If you do need to use legacy (non-Elm) components in an Elm app, I recommend wrapping them in custom-elements, or just re-writing them by hand in Elm directly.

gampleman commented 1 year ago

@sbrow I think I should explain some of the motivation here.

I work on a an Elm team in a large corporation that is mostly React based. We have significant pressure to maintain a consistent look and feel with the rest of the company. So far we have been doing this by hand building our own UI kit that tries to mimic the look and feel of the rest of the company, but there are several factors making this approach difficult:

  1. Constant company-wide design changes. This is less of a problem for the rest of the company, since there is a dedicated team maintaining the UI kit, so for most other teams this is a matter of updating a dependency and potentially fixing some minor breakage. For us it could mean spending weeks rewriting our UI kit code.
  2. As our products mature, there is more attention being paid to details, like actually consistent padding, etc. So while before having roughly the right colours and typography was enough to make things look passingly similar, now issues get raised for even relatively minor discrepancies.
  3. Our team has shrunk a bit and we have other priorities than just finessing UIs.

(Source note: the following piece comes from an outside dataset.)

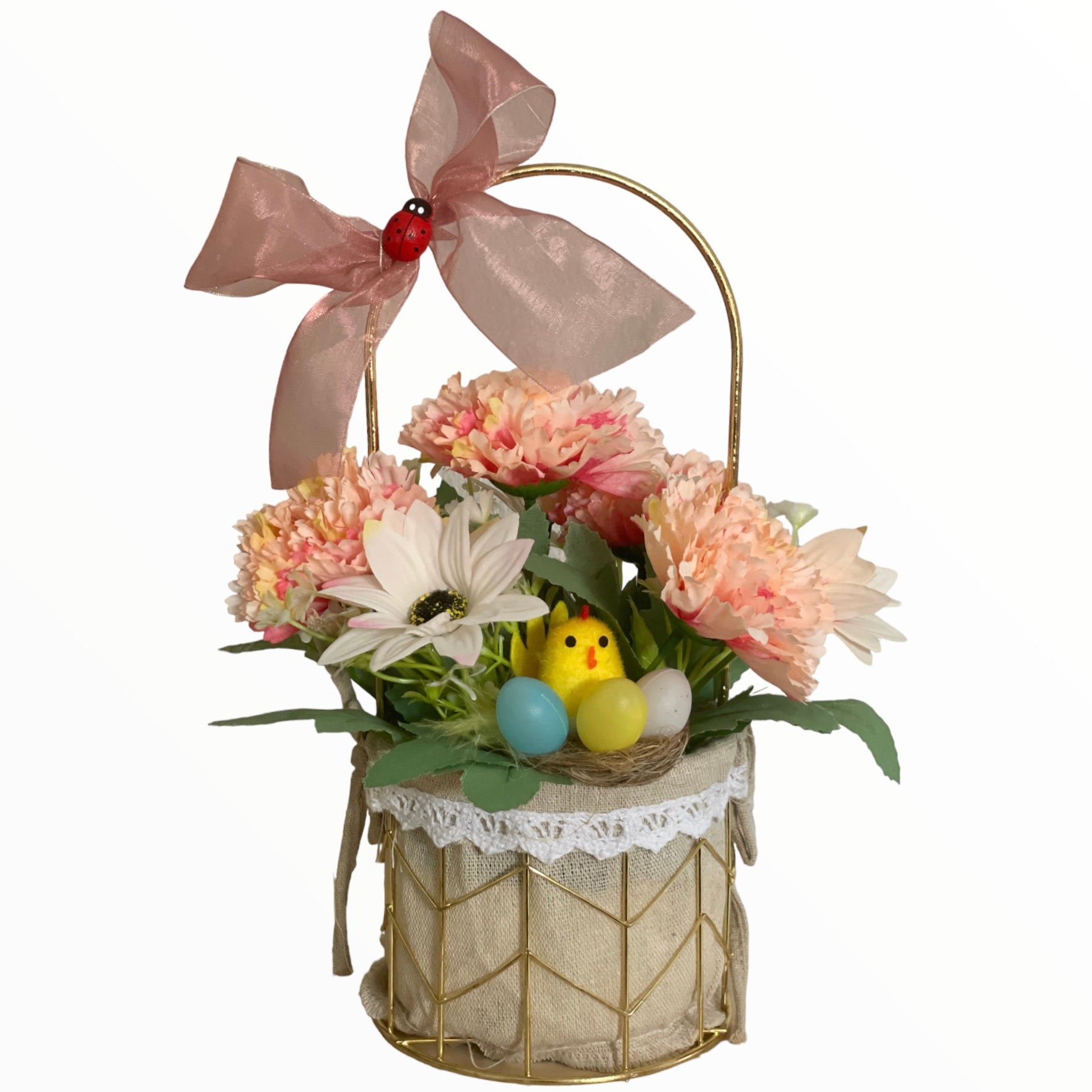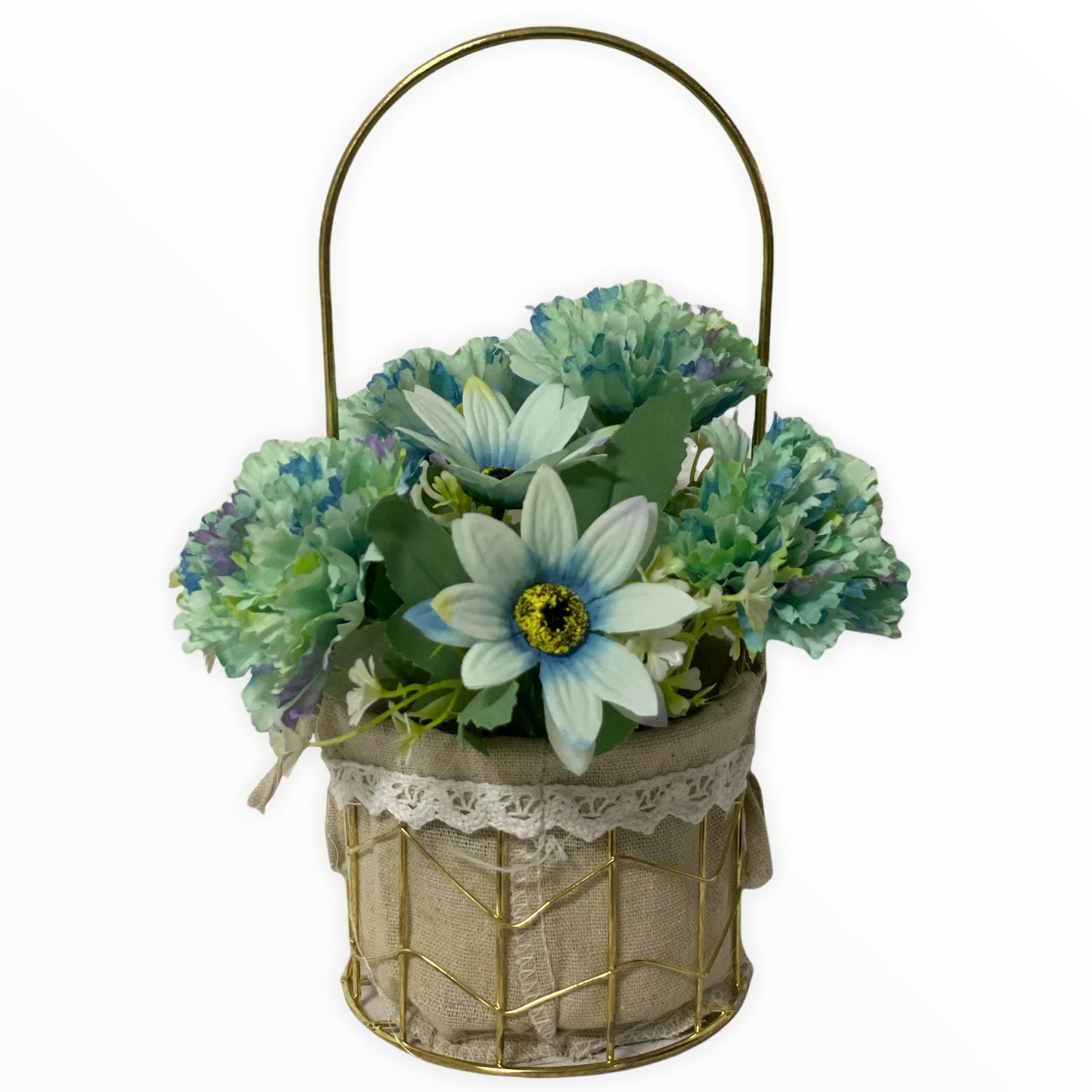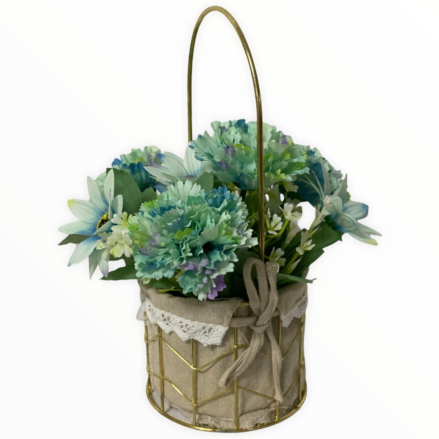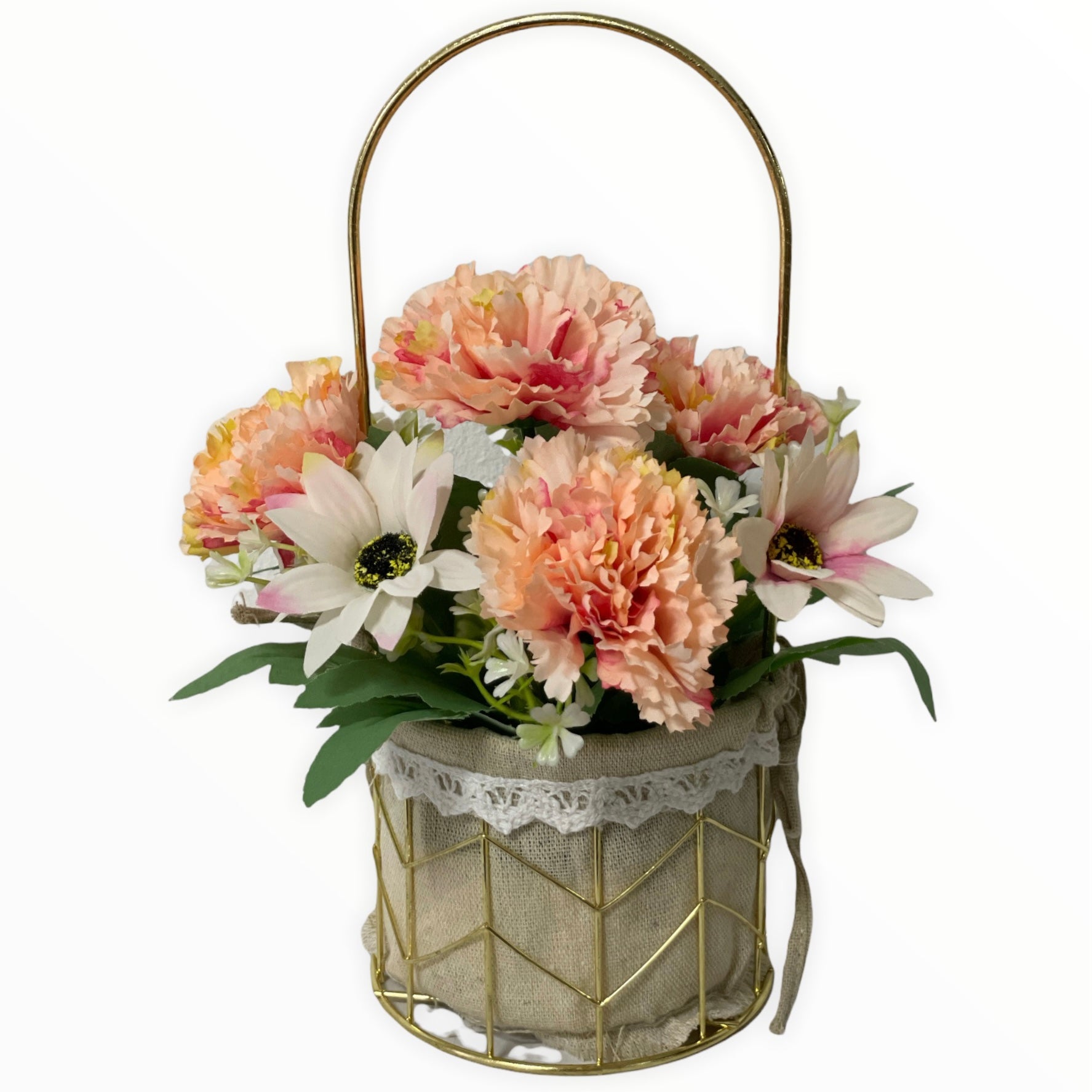 Este un produs elegant și rafinat care se îmbină perfect cu ambientul. Florile sunt artificiale din material textil și plastic.

As such, an ideal solution for us is to have the dedicated UI team describe their components in something like mitosis, then let everyone generate the code they need.

Now to address some specific points:

If you do need to use legacy (non-Elm) components in an Elm app, I recommend wrapping them in custom-elements

This isn't great when they are written in fairly heavy React style. You are now shipping React+Emotion or whatever on top of all your Elm code. React is a pretty huge dependency, but perhaps acceptable if you are using it to ship a large and complex app. If all you need it is to render a few UI components, then ugh.

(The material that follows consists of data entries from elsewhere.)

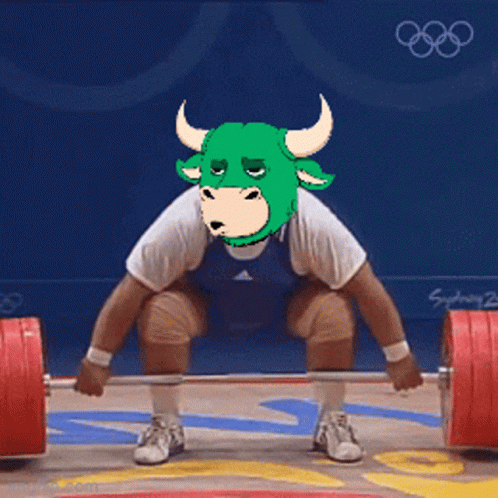 Okaybulls Wagbull character, represented by a green bull's head, successfully performs a heavy weight lift.
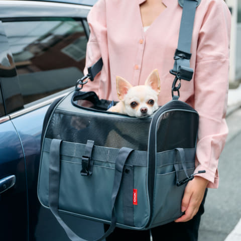気軽にペットとお出かけできるスリングに、自転車バスケットへ積載の機能を搭載した2Wayペットスリング。底面には振動吸収クッションを採用し、自転車での振動による負担を約60%軽減。もしもの転倒時も飛び出さず安全な仕様。
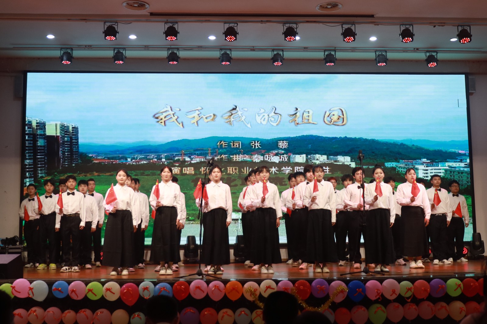 优美动人的开场舞《有我》拉开了本次文艺汇演的序幕,展示出中华儿女砥砺前行、不惧风浪的万丈豪情;《战火中的大学》《呼唤》《你的答案》《精武少年》激发了全体师生永远跟党走、奋进新征程的豪情与壮志;《稻子熟了,妈妈我想你了》深情缅怀和致敬我校名誉院长袁隆平院士;民族舞《江红锅庄》展示了中华民族一家亲,同心共筑中国梦的其乐融融画面;《用青春描绘梦想》《闪耀吧,青春的火光》……精彩的节目表演引得现场掌声不断。清廉文化、党史校史知识抢答环节,现场观众热情参与。最后,现场全体观众大合唱《我和我的祖国》。
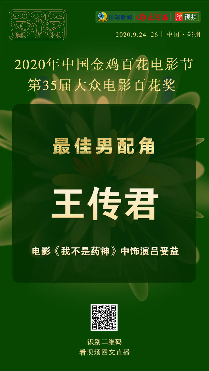 王传君获奖感言:先感谢在疫情之下每一个人 因为只有这些人的努力让我们才有这个机会 要感谢主办方 组委会 感谢评委 感谢《我不是药神》的伙伴们 爱你们 中国电影可以百花齐放,让我茁壮成长,我们也会继续努力的!
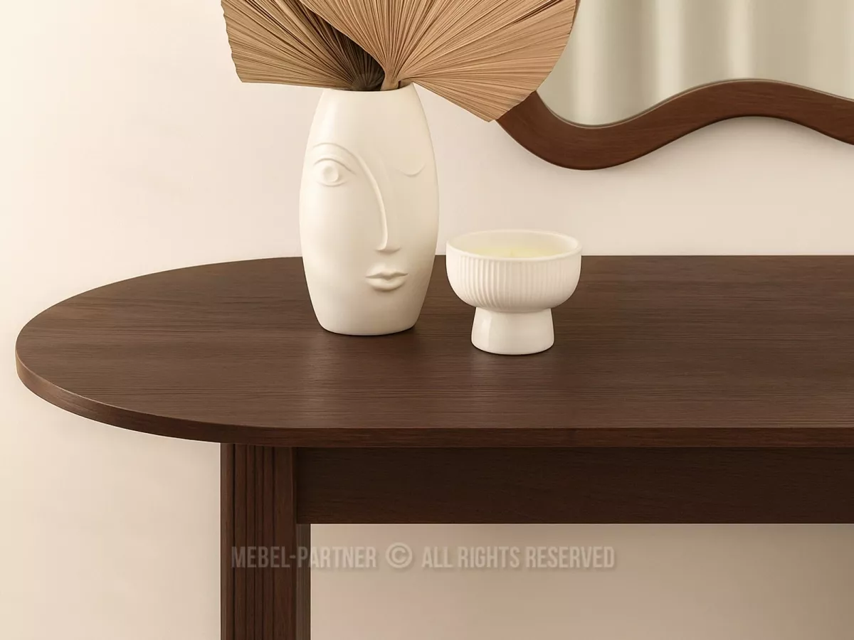 Konzolový stolek CENDRY najde své využití v předsíni pro odložení klíčů nebo jako toaletní stolek. Jeho dekor ořechu a jemná úprava nožek se perfektně hodí do moderních, skandinávských a minimalistických interiérů.
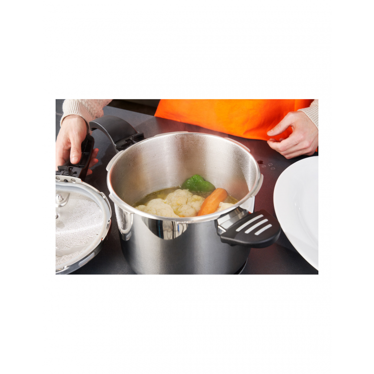 - Olla a presión de acero inoxidable 18/10 de máxima calidad.
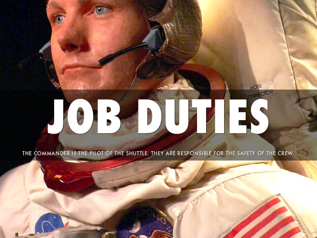 THE COMMANDER IS THE PILOT OF THE SHUTTLE. THEY ARE RESPONSIBLE FOR THE SAFETY OF THE CREW.

The power of Elm lies in the strict type checking and lack of runtime errors provided by the compiler.

Most of our front-end code is business logic anyway. Even if styling and UI presentation is a bit less nice, this won't significantly impact the benefits we derive.

Writing good Elm components requires a significant change of mindset, one that can't easily be done automatically by software.

I suspect that there would be some learning curve to make Mitosis components that feel great in both Elm and (say) React. I wouldn't anticipate that just any code would product great Elm APIs, but I don't really see why for instance something like React functional components sans-hooks wouldn't produce perfectly idiomatic Elm view functions.

sbrow commented 1 year ago

@gampleman It sounds like you know what you're doing– I didn't mean to dissuade you or attack your practices. I just wanted the Mitosis team to be aware before they committed to having Elm as a target, that it might not be possible to do a full 1:1 component mapping from Mitosis to Elm. :)

If Elm were to become a target for Mitosis, I think it'd be worth having an asterisk to warn people that unlike most of the other targets, you can't just copy and paste the fiddle output and expect a seamless result.